One 4 meter line wheat and the next one a different crop, with 3 or 4 crops alternating, would be fine too. Especially with kilometers long fields.

Edit: sonething like this:

[–] [email protected] 7 points 2 days ago (1 children)

This is not really doable. It may be for small scale production of vegetables, but not for anything that needs great efficency. In the farming sector the trend goes towards bigger machines and bigger fields to increase efficiency and also to eliminate the need for work done by humans through automation. Concepts like this are incredibly hard to adapt, since they significantly increase the amount of work without increasing the profit. Also due to different plants having different needs it becomes significantly harder to actually harvest the needed amounts in order to make a profit.

[–] [email protected] 4 points 2 days ago (1 children)
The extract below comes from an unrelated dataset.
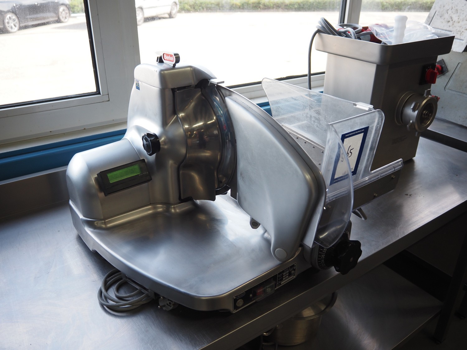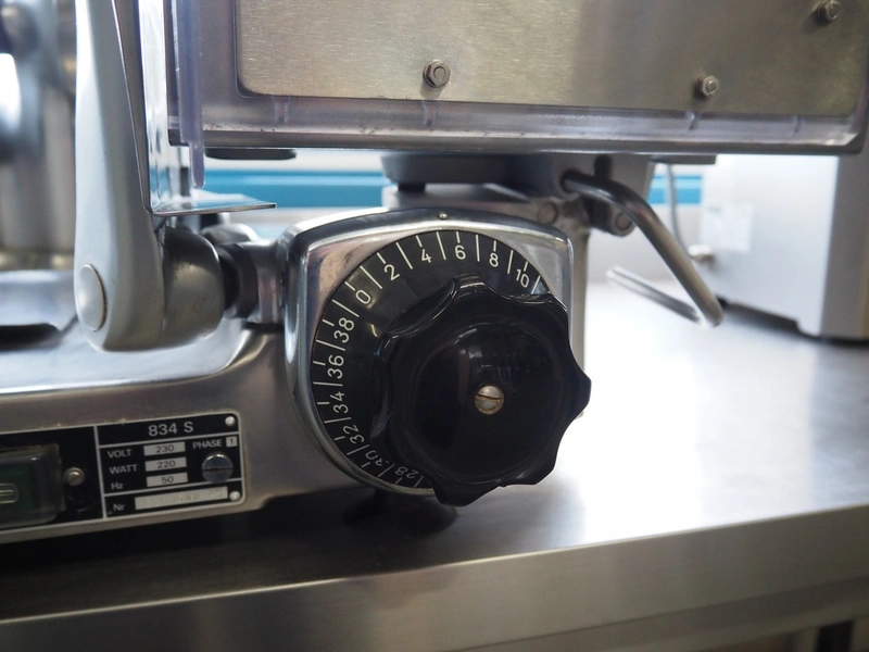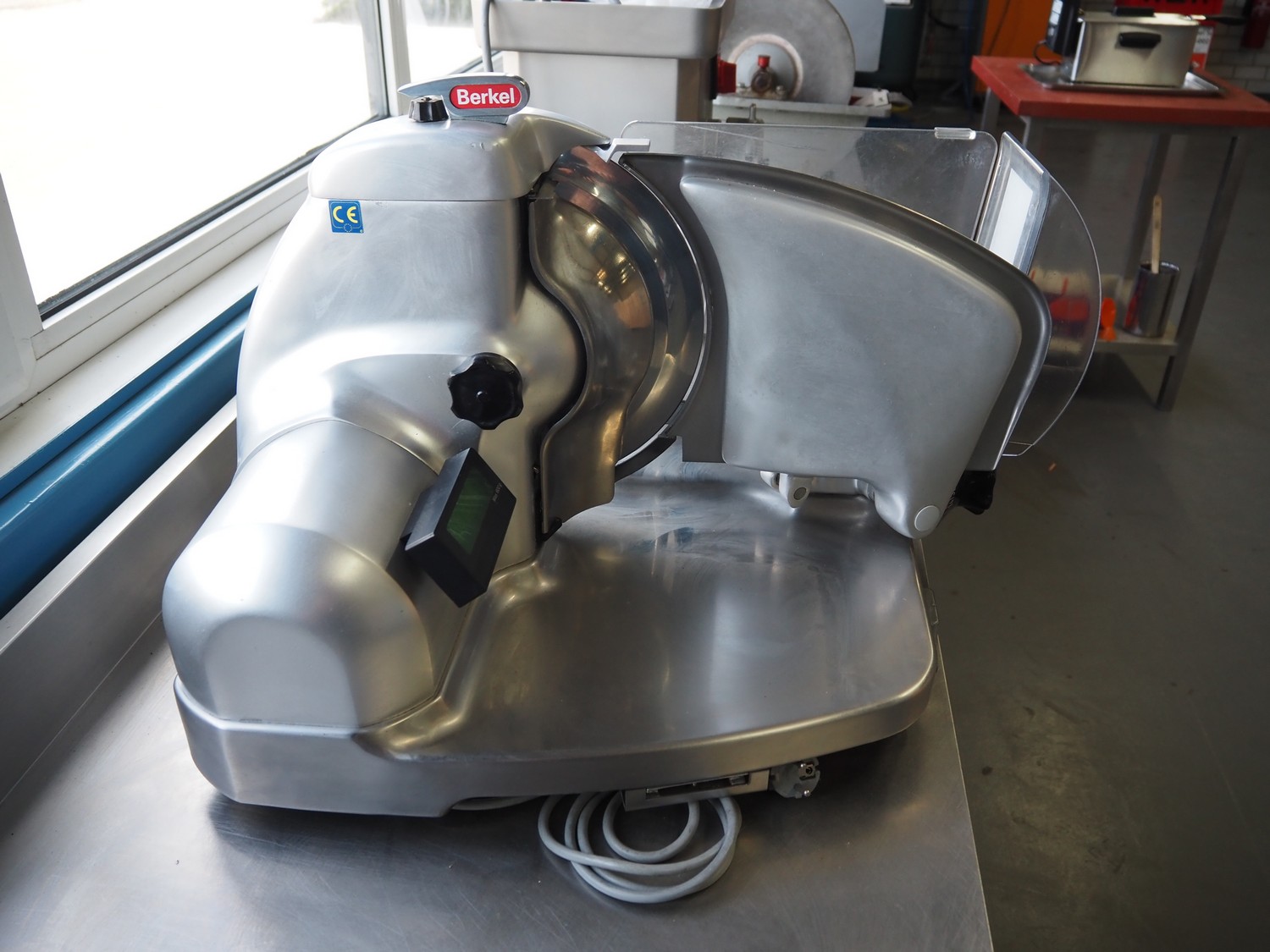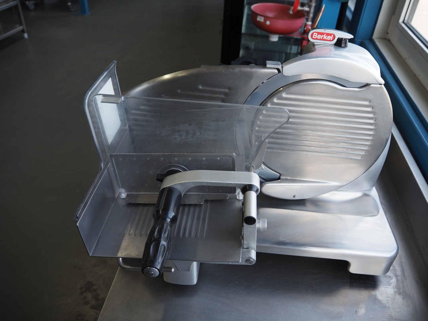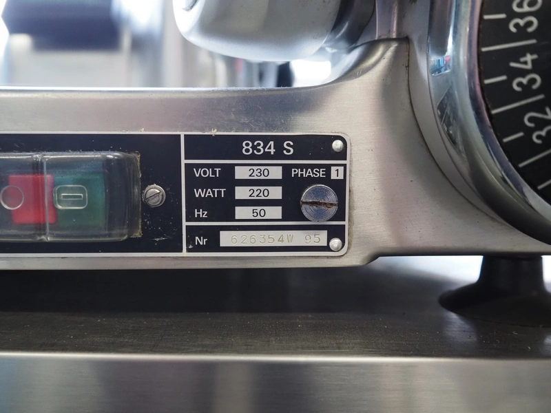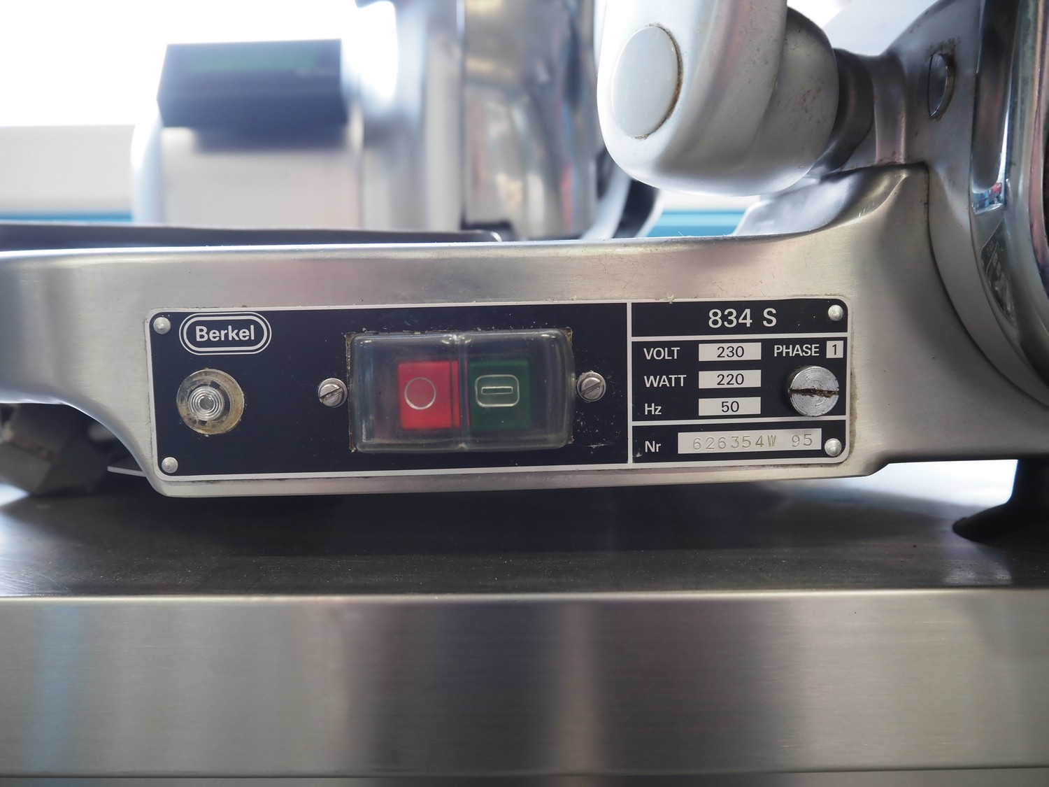 Berkel slicer, type: 834 S, number: 626354W 95, 230 V, 1 Ph, 50 Hz, 220 Watt, dimensions: 600 mm x 700 mm x 450 mm.

I mean, one track can be as wide as a field sprayer as well. Not more work then.

[–] [email protected] 4 points 2 days ago (1 children)

For harvesting you would need to change the tool or adjust the machine for every row.

[–] [email protected] 5 points 2 days ago (1 children)

What, why? Barely two cultures have the same harvest time.

You seem to think of a lot of different cultures in rows. What i'm trying to say is, maybe 4 cultures in a field 4 times the size, but alternating rows.

[–] [email protected] 1 points 1 day ago (1 children)

So what if your rows were 1/2 mile wide and 1/2 mile long, and you had dozens of these rows with about 4-6 cultures interspersed amongst them? It would be like a single field with several rows, but at a scale that makes 120' sprayers and 60' combine headers make sense. You know, like a farm.

[–] [email protected] 1 points 1 day ago

No, not a half mile wide but a few meters wide.